=== Exercise prompt ===
Return the following data exactly, with all pictures left out.

=== Dataset excerpt ===

- - - - -

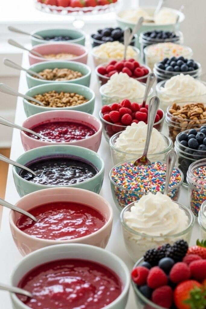 Create a fun dessert-focused theme inspired by berry sundaes. Set up a topping bar with berry sauces, sprinkles, and pastel bowls.
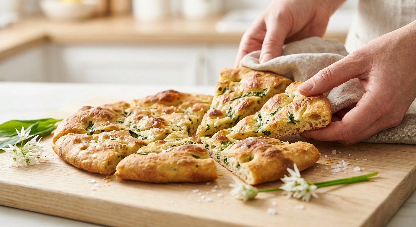 - Serviere die Bärlauch-Fladen heiß und genieße dieses einfache und leckere Gericht!
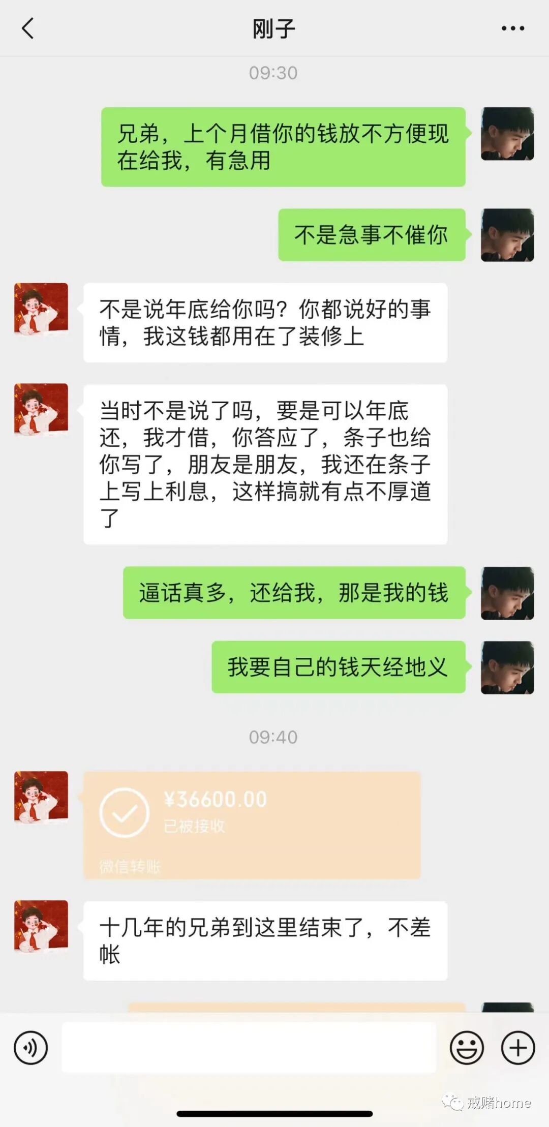 最好的兄弟,曾经我第一次坦白之前,跟他借过5万,后来也半年多才还给他,因为戒赌了,半年都没赌,手里有点积蓄,上个月他进屋要装修,我借给他36000,还发了600块的红包恭喜他乔迁之喜。赌狗上头,什么亲人朋友,都可以立刻翻脸,说要就要,欠我的就立刻要,不给我那就把话说的很难听,我虽然要回了钱,但也输了,而且今天我失去了最好的朋友,现在后悔了,打电话拉黑了,微信,支付宝都拉黑了。

- - - - -

=== Worked solution ===
 Create a fun dessert-focused theme inspired by berry sundaes. Set up a topping bar with berry sauces, sprinkles, and pastel bowls.
 - Serviere die Bärlauch-Fladen heiß und genieße dieses einfache und leckere Gericht!
 最好的兄弟,曾经我第一次坦白之前,跟他借过5万,后来也半年多才还给他,因为戒赌了,半年都没赌,手里有点积蓄,上个月他进屋要装修,我借给他36000,还发了600块的红包恭喜他乔迁之喜。赌狗上头,什么亲人朋友,都可以立刻翻脸,说要就要,欠我的就立刻要,不给我那就把话说的很难听,我虽然要回了钱,但也输了,而且今天我失去了最好的朋友,现在后悔了,打电话拉黑了,微信,支付宝都拉黑了。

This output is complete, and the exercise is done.